A hurdle rate, which is also known as minimum acceptable rate of return (MARR), is the minimum required rate of return or target rate that investors are expecting to receive on an investment. The rate is determined by assessing the cost of capital, risks involved, current opportunities in business expansion, rates of return for similar investments, and other factors that could directly affect an investment.
Before accepting and implementing a certain investment project, its internal rate of return (IRR) should be equal to or greater than the hurdle rate. Any potential investments must possess a return rate that is higher than the hurdle rate in order for it to be acceptable in the long run.
What are the methods used to determine a hurdle rate?
Most companies use their weighted average cost of capital (WACC) as a hurdle rate for investments. The stems from the fact that companies can buy back their own shares as an alternative to making a new investment, and would presumably earn their WACC as the rate of return. In this way, investing in their own shares (earning their WACC) represents the opportunity cost of any alternative investment.
Another way of looking at the hurdle rate is that it’s the required rate of return investors demand from a company. Therefore, any project the company invests in must be equal to or ideally greater than its cost of capital.

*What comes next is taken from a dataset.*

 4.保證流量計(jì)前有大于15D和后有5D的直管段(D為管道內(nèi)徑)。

A more refined approach is to look at the risk of individual investments and add or deduct a risk premium based on that. For example, a company has a WACC of 12% and half its assets are in Argentina (high risk), and half its assets are in the United States (low risk). If the company is looking at one new investment in Argentina and one new investment in the United States, it should not use the same hurdle rate to compare them. Instead, it should use a higher rate for the investment in Argentina and a lower one for the investment in the U.S.

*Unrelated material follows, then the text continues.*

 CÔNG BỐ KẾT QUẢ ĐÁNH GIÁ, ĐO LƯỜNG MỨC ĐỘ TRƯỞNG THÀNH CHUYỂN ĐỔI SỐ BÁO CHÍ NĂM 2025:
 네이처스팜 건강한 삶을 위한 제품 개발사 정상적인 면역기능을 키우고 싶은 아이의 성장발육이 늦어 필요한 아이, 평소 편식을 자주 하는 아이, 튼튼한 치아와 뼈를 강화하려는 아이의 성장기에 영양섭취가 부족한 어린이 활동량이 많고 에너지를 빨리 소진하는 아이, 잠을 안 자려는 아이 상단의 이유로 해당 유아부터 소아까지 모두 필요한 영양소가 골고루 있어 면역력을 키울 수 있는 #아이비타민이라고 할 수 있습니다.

What factors to consider when setting a hurdle rate?
In analyzing a potential investment, a company must first hold a preliminary evaluation to test if a project has a positive net present value. Care must be exercised, as setting a very high rate could be a hindrance to other profitable projects and could also favor short-term investments over the long-term ones. A low hurdle rate could also result in an unprofitable project.
Key considerations include:
- Risk premium – Assigning a risk value for the anticipated risk involved with the project. Riskier investments generally have greater hurdle rates than less risky ones.

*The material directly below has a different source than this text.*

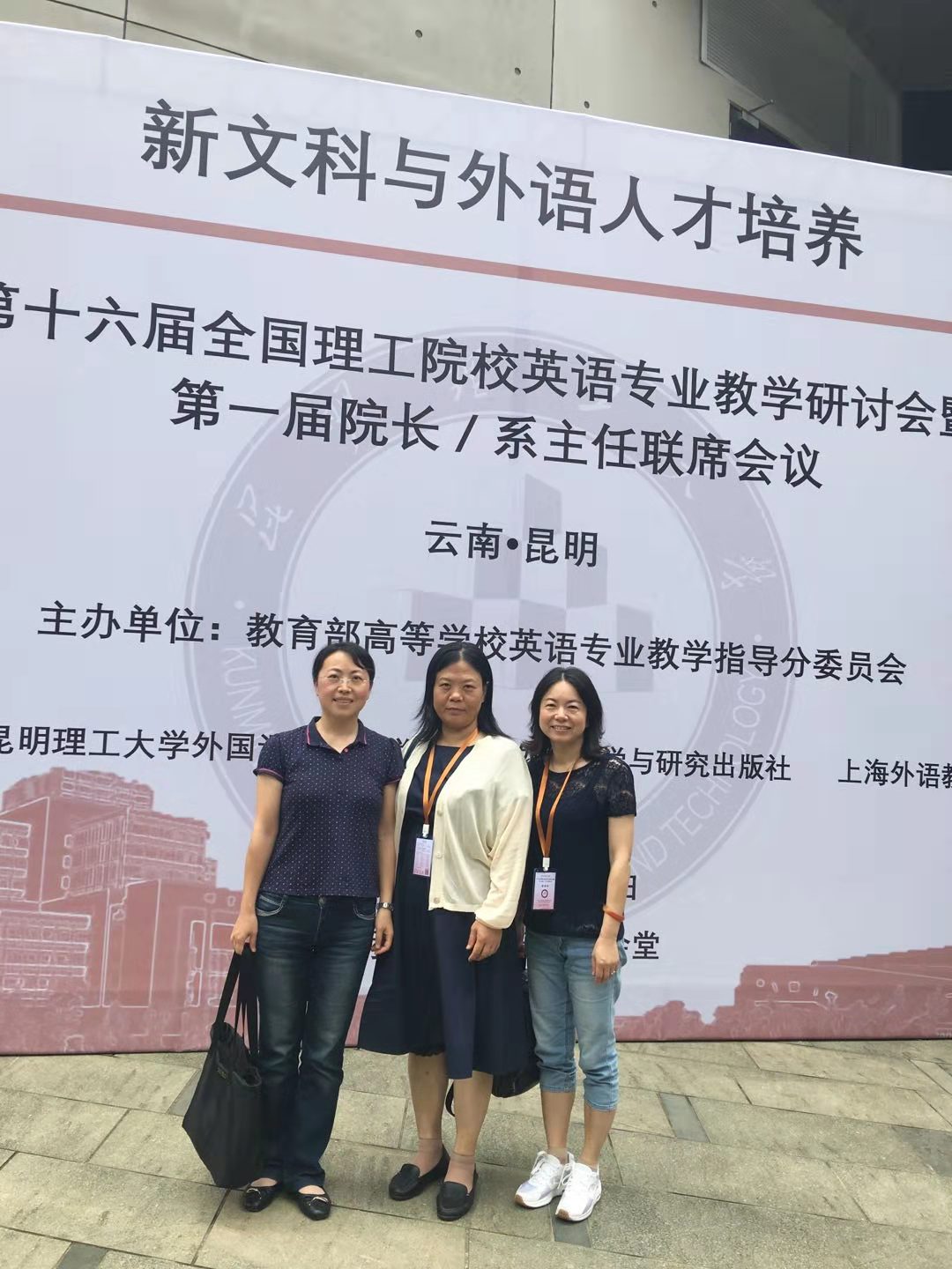 2019年7月12日至14日,经教育部高等学校英语专业教学指导分委员会研究决定,在昆明理工大学举办“第十六届全国理工院校英语专业教学研讨会暨第一届院长/系主任联席会议”。Beat365官网系主任唐青叶教授和副系主任黄欣副教授、张颖副教授参加了会议。

- Inflation rate – If the economy is experiencing mild inflation, that may influence the final rate by 1%-2%. There are instances when inflation may be the most significant factor to consider.
- Interest rate – Interest rates represent an opportunity cost that could be earned on another investment, so any hurdle rate needs to be compared to real interest rates.
How to use the hurdle rate to evaluate an investment?
The most common way to use the hurdle rate to evaluate an investment is by performing a discounted cash flow (DCF) analysis. The DCF analysis method uses the concept of the time value of money (opportunity cost) to forecast all future cash flows and then discount them back to today’s value to provide the net present value.
In order to do this, the company needs to perform some financial modeling. The first step is to model out all the revenues, expenses, capital costs, etc., in an Excel spreadsheet and develop a forecast. The forecast needs to include the free cash flow of the investment over its lifetime. Once all the cash flows are in place, use the XNPV function in Excel to discount the cash flows back to today at the set hurdle rate. If the resulting Net Present Value (NPV) is greater than zero, the project exceeds the hurdle rate, and if the NPV is negative it does not meet it.
As you can see in the example above, if a hurdle rate (discount rate) of 12% is used, the investment opportunity has a net present value of $378,381. This means if the cost of making the investment is less than $378,381, then its expected return will exceed the hurdle rate. If the cost is more than $378,381, then the expected return will be lower than the hurdle rate.
Learn more about rates of return in CFI’s financial modeling & valuation courses.
How important is the hurdle rate in capital investments?
The hurdle rate is often set to the weighted average cost of capital (WACC), also known as the benchmark or cut-off rate. Generally, it is utilized to analyze a potential investment, taking the risks involved and the opportunity cost of foregoing other projects into consideration. One of the main advantages of a hurdle rate is its objectivity, which prevents management from accepting a project based on non-financial factors. Some projects get more attention due to popularity, while others involve the use of new and exciting technology.
What are the limitations of using a hurdle rate?
It’s not always as straightforward as picking the investment with the highest internal rate of return. A few important points to note are:
- Hurdle rates can favor investments with high rates of return, even if the dollar amount (NPV) is very small.
- They may reject huge dollar value projects that may generate more cash for the investors but at a lower rate of return.
- The cost of capital is usually the basis of a hurdle rate and it may change over time.